[Data items]
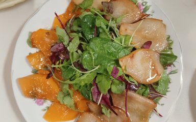 Теплий салат з гарбузом та грушею — це сезонна страва, де гарбуз підсмажується до м’якої карамельності, а груша додає солодкої свіжості. У поєднанні з медово-гірчичним соусом та зеленню салат набуває балансу між солодким, кислим і пряним смаком.
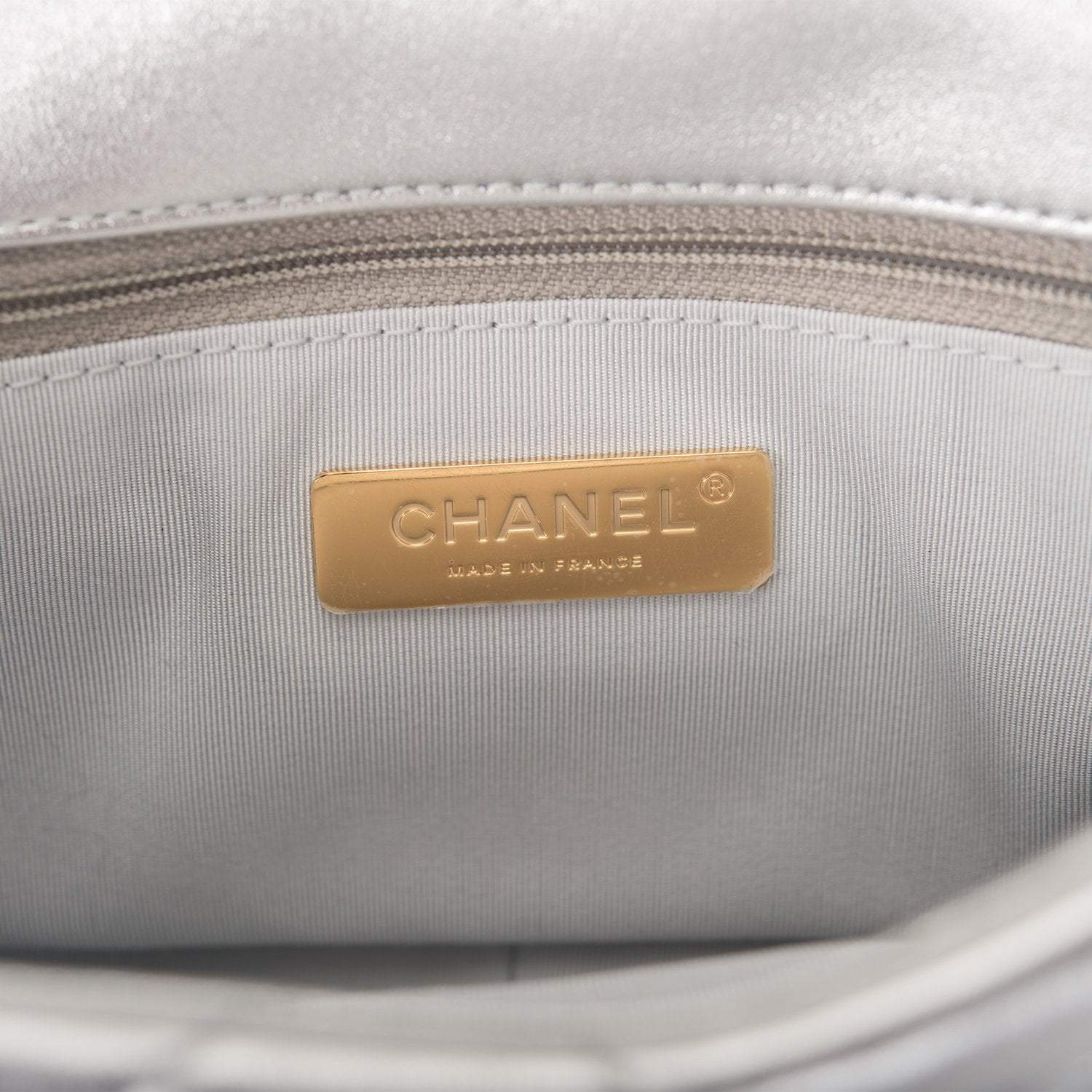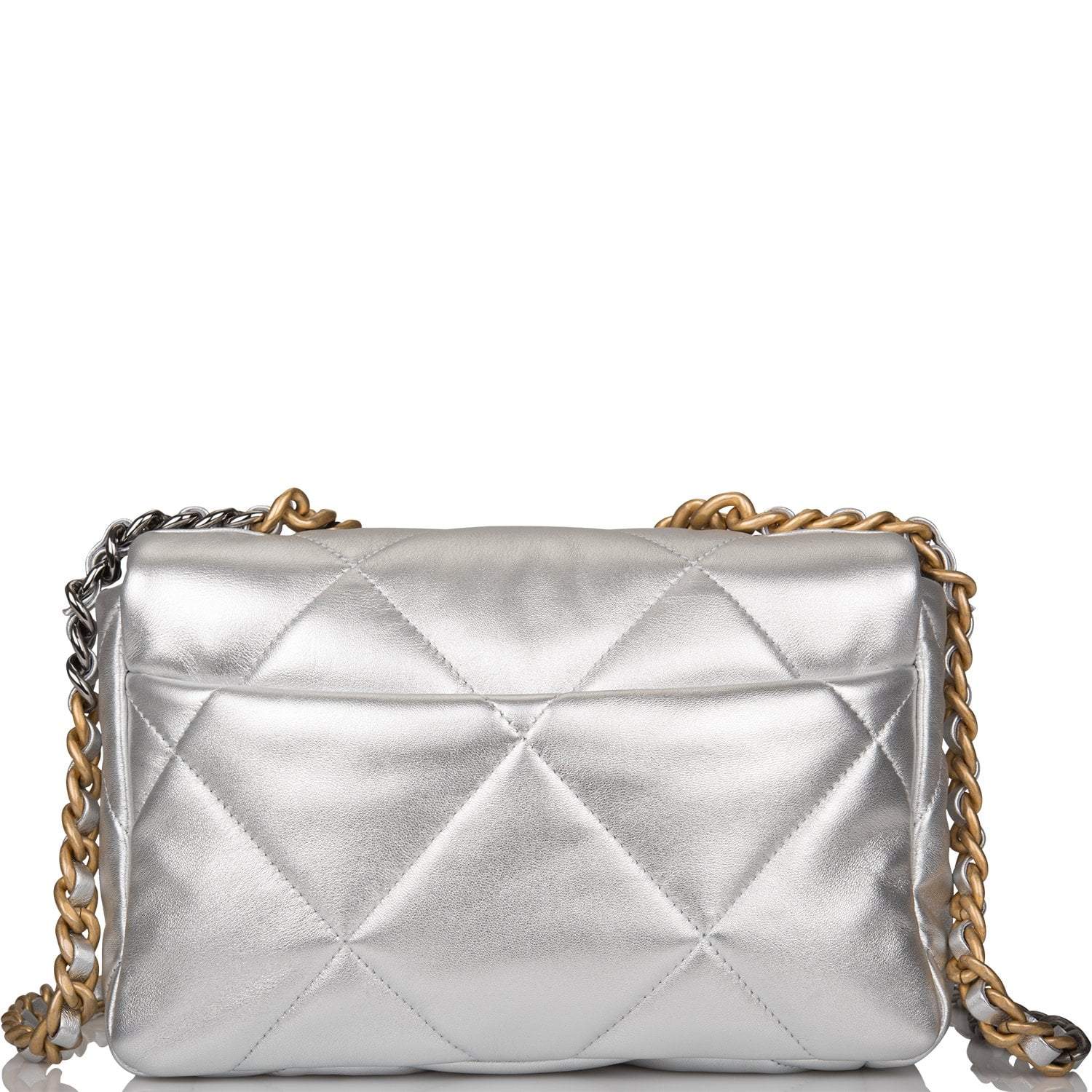 Chanel Silver Metallic Quilted Lambskin Medium 19 Flap Bag Mixed Hardware
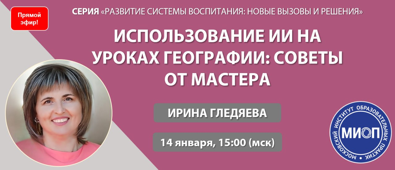 #ИИвОбразовании #География #ИскусственныйИнтеллект #УчительГеографии #ЦифроваяПедагогика #Промптинг #EdTech #НейросетиНаУроке #ИнтерактивныеКарты #ВПР #ОГЭ #ЕГЭ #Гледяева #МастерКласс #ПрямойЭфир #ВебинарДляУчителей #Методика #ПрофессиональноеРазвитие #Учителям #ОбразовательныеТехнологии #Школа
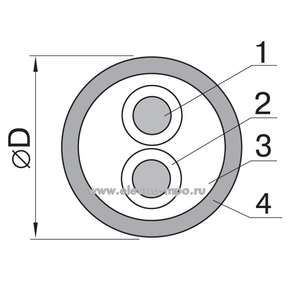 П2975. Кабель NUM-O 2х1,5 кв.мм ГОСТ (Калужский кабельный завод)
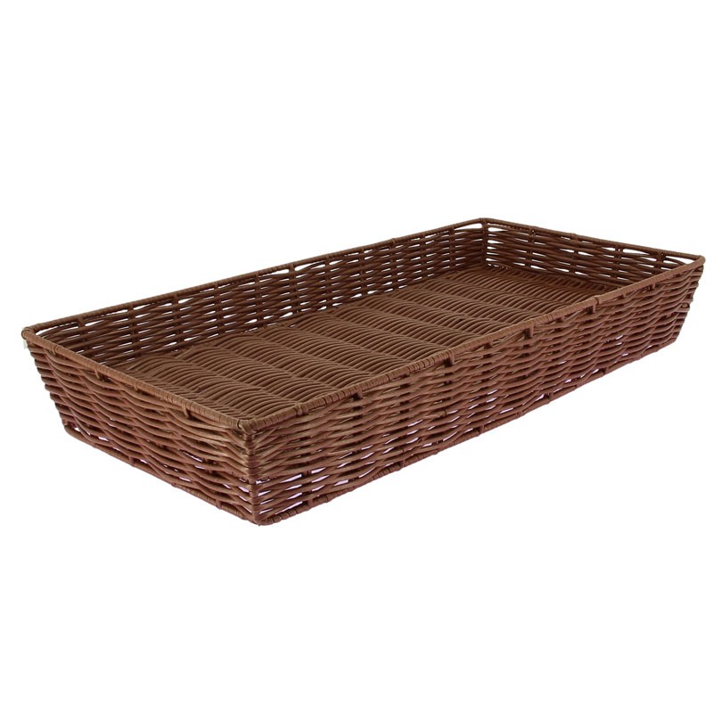 Présentoir en tressage plastique marron avec armature époxy. Certification SGS alimentaire. Profondeur 4 cm, dimensions 50x25x7cm.Destinataire :
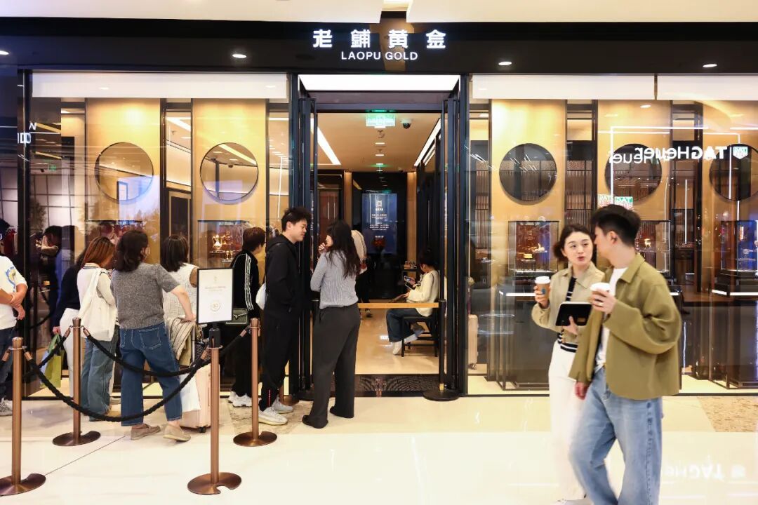 上海老铺门口排队的现象并非个案。在一些诸如小红书的社交媒体上,不少网友PO出了位于北京SKP老铺黄金门口的排队盛况。

◆ What to work on
No pictures should appear in the copy. Print exactly the lines above from the line containing "#ИИвОбразовании #География #ИскусственныйИнтеллект" through the last line of the data.

◆ The completed task
 #ИИвОбразовании #География #ИскусственныйИнтеллект #УчительГеографии #ЦифроваяПедагогика #Промптинг #EdTech #НейросетиНаУроке #ИнтерактивныеКарты #ВПР #ОГЭ #ЕГЭ #Гледяева #МастерКласс #ПрямойЭфир #ВебинарДляУчителей #Методика #ПрофессиональноеРазвитие #Учителям #ОбразовательныеТехнологии #Школа
 П2975. Кабель NUM-O 2х1,5 кв.мм ГОСТ (Калужский кабельный завод)
 Présentoir en tressage plastique marron avec armature époxy. Certification SGS alimentaire. Profondeur 4 cm, dimensions 50x25x7cm.Destinataire :
 上海老铺门口排队的现象并非个案。在一些诸如小红书的社交媒体上,不少网友PO出了位于北京SKP老铺黄金门口的排队盛况。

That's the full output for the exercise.